Leaders: Heroes? Villains? Absent friends? Join in this analysis of leadership as described, admired, and sometimes criticized by some of the world’s greatest novelists and poets:
- What can we learn from fictional leaders that we cannot glean from standard leadership texts?
- Why do we find some characters so engrossing?
- Why do we identify with them and their dilemmas, and why do they remain in our minds long after we have “finished” the book in question?
Fictional characters offer a relatable context for understanding the every-day challenges that leaders face. Jonathan will present some of the characters, critiques, and themes which exemplify the predicaments of leadership in a range of circumstances. During the session, based on his forthcoming edited volume, Fictional Leaders: Heroes, Villains, and Absent Friends, which is due out December 24 from Palgrave Macmillan, he will analyze leadership as described, admired, and sometimes criticized by the world’s greatest novelists and poets. Perhaps your favorite fictional hero or villain is analyzed here; or the absent friend whose leadership might have made a difference. The idea of leadership is itself the hero (or villain) of some chapters: is it a delusion, a distraction, or an absurd folly, that we pin so much on leaders?

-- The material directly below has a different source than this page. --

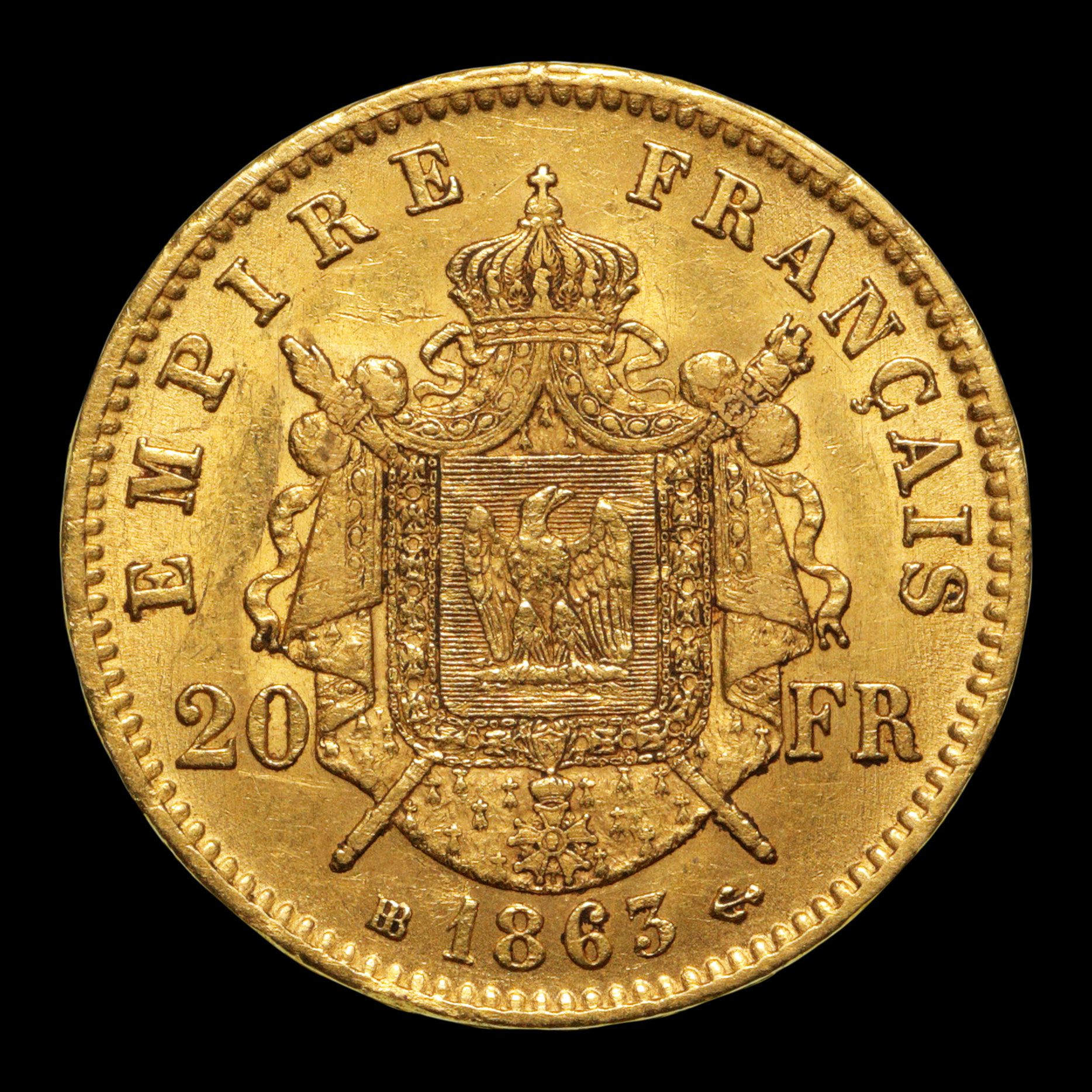 FRANCE. 1 x 20 francs or Napoléon III tête laurée, Strasbourg, 1863.
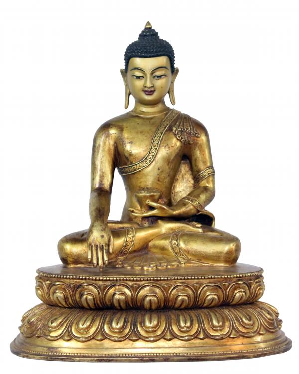 Shakyamuni is regarded as the second most important dhyani Buddha by the Nepalese Buddhists. Shakyamuni originates from the syllable Hum. He is two armed single faced and exhibits the Bhu-sparsa (earth touching) mudra which indicates calling the earth for witness for all holy deeds done in all past lives, and sits in the vajraparyanka pose. His left hand is on the lap,while the right rest on the right knee with the tip of the middle finger touching the ground with palm drawn inwardly. He represents the primordial cosmic element of Vijnana (consciousness). When represented in the Stupa, he always faces the east. His vehicle is a pair of white elephant and his symbol is the vajra or the thunderbolt. His female escort is Lochana.

This session will focus on the humanity of leadership rather than the techniques, and will explore the experience of leading through the lens of well-known works of fiction. Don’t miss this sneak of peek of Fictional Leaders: Heroes, Villains, and Absent Friends.
Book chapters include:
- Leadership and Monomania: Herman Melville’s Moby Dick; B. Slevers
- ‘Things for fall apart’ – Chinua Achebe; J. Gosling
- The Silhouette of Leadership – James Bond and Miss Moneypenny; B. Hawtkins
- The Leader as Poet: Tennyson, Whitman and Dickinson; B. Mossberg
- Leadership and Acceptability: Plato and the Odium of Truth; N. Harter
Learn More About This Topic
Jonathan Gosling is Professor of Leadership Studies at the University of Exeter, UK, and has published articles in Harvard Business Review, Sloan Management Review, Leadership, Management Learning, and elsewhere. Professor Gosling also played a significant role in the so-called ‘critical management’ movement, launching an influential MPhil and Ph.D. He advises companies, agencies, and government departments across the world on their leadership-related issues. He is Fellow of the Windsor Leadership Trust and the Leadership Foundation, a member of the Advisory Board of the Defence Academy, co-director of the European Leadership Centre, and director of Coaching Ourselves Inc.